**Data section**
--------

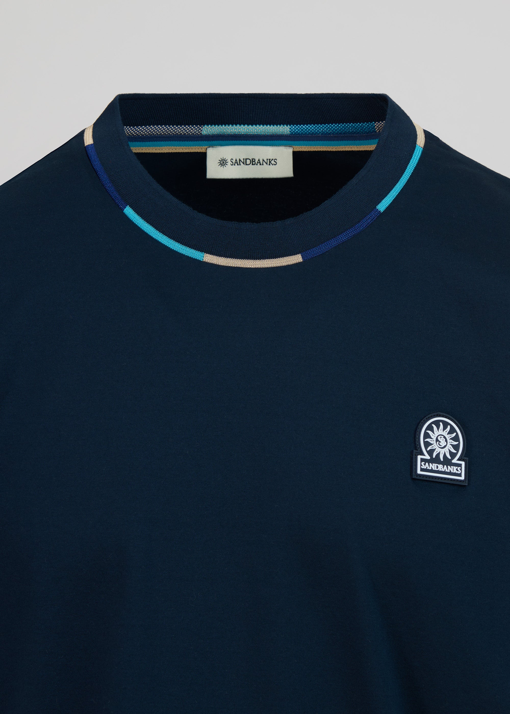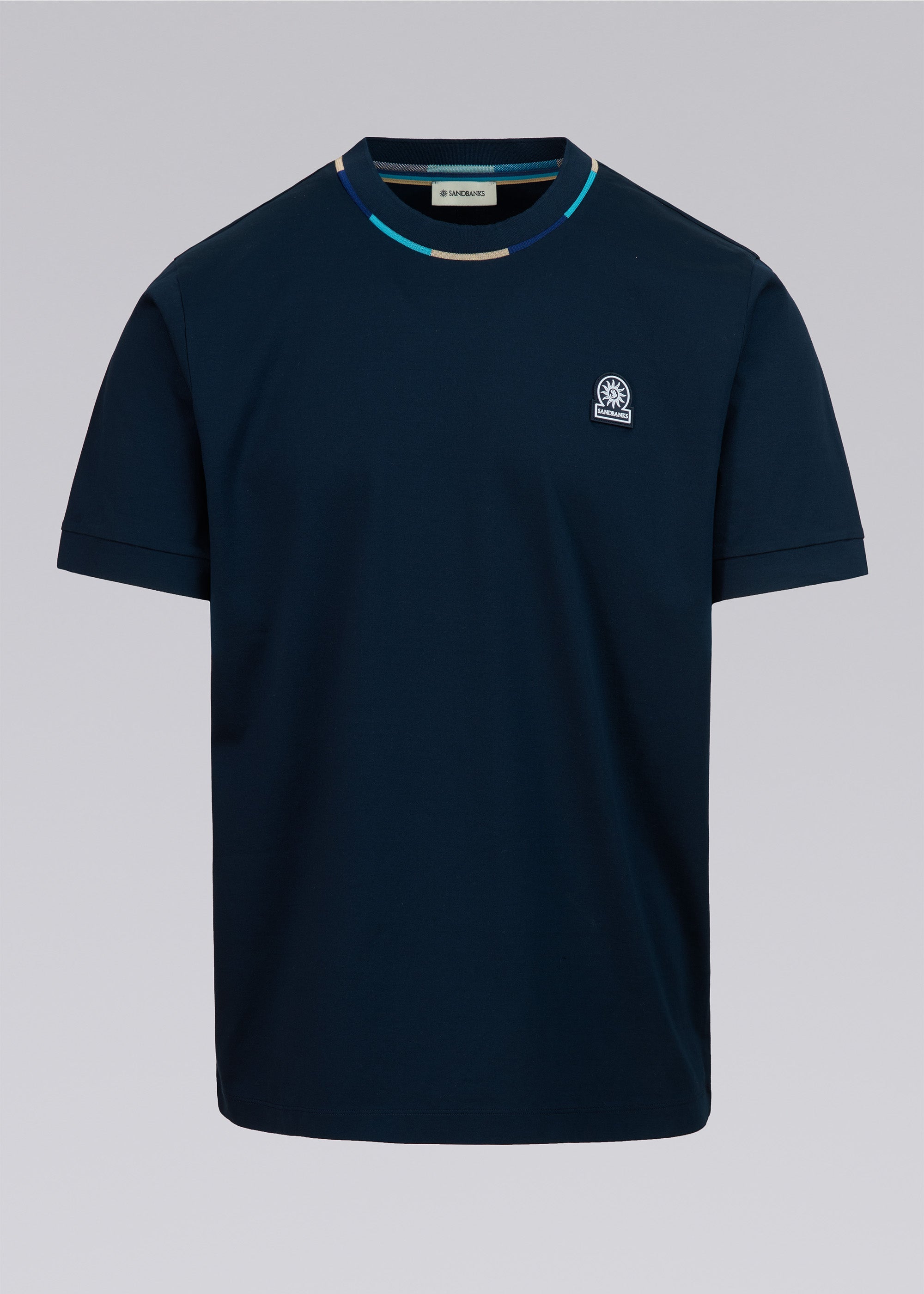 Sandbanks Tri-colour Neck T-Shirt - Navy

--------

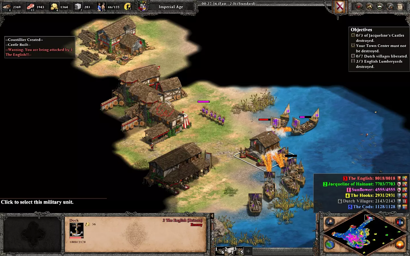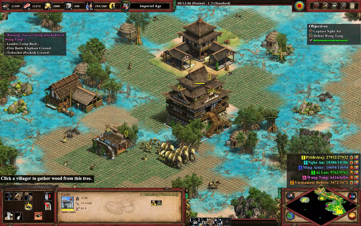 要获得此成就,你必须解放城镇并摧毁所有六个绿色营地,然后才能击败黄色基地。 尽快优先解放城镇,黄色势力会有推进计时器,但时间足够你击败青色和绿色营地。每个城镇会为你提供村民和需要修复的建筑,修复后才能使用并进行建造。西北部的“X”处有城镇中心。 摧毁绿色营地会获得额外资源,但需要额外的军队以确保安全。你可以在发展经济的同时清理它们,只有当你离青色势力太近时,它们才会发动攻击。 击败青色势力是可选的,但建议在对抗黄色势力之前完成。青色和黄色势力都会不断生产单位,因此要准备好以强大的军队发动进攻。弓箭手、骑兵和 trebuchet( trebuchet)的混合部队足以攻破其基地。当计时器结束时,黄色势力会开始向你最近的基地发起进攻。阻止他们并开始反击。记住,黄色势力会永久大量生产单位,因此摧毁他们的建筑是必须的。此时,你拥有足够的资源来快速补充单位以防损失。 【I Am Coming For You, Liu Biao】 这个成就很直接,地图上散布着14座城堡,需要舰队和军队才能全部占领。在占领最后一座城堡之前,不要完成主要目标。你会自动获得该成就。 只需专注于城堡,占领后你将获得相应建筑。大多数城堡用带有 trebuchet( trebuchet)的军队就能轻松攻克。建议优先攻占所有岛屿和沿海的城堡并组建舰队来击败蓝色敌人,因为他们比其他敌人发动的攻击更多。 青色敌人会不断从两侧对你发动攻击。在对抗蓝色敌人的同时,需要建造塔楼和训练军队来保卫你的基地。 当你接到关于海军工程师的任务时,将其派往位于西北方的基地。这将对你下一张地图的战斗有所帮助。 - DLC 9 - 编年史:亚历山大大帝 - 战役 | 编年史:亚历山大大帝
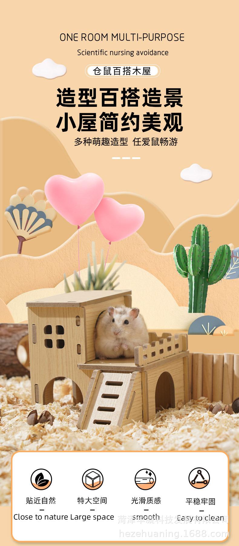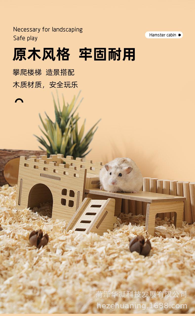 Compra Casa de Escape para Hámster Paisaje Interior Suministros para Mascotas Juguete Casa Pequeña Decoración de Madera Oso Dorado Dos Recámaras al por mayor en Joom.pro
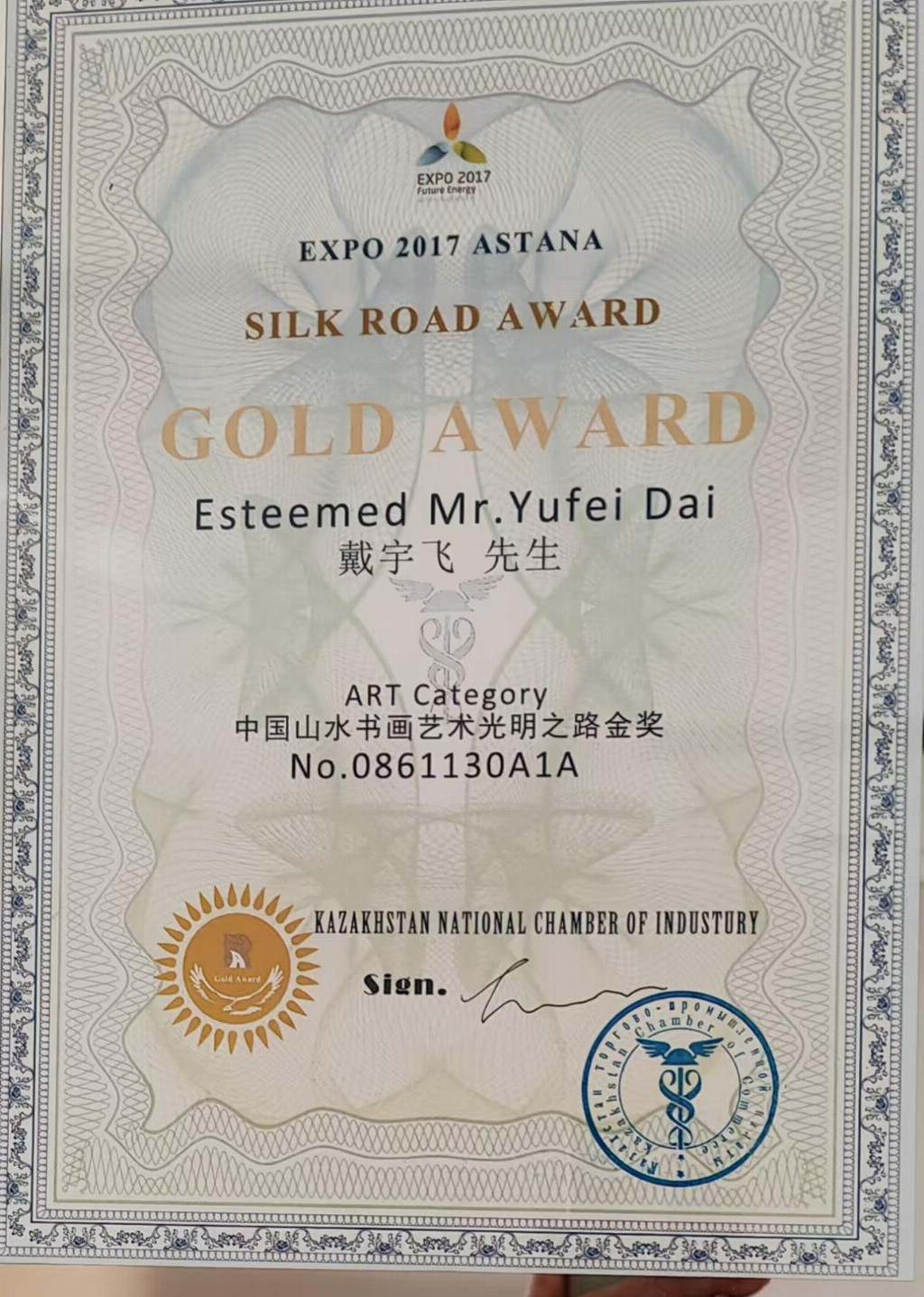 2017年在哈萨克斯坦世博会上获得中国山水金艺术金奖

--------

**Exercise description**
Beginning at the line above that contains "Compra Casa de" and going on through the line that contains "2017年在哈萨克斯坦世博会上获得中国山水金艺术金奖", please copy every line exactly, leaving the pictures out and adding nothing.

**Answer box**
 Compra Casa de Escape para Hámster Paisaje Interior Suministros para Mascotas Juguete Casa Pequeña Decoración de Madera Oso Dorado Dos Recámaras al por mayor en Joom.pro
 2017年在哈萨克斯坦世博会上获得中国山水金艺术金奖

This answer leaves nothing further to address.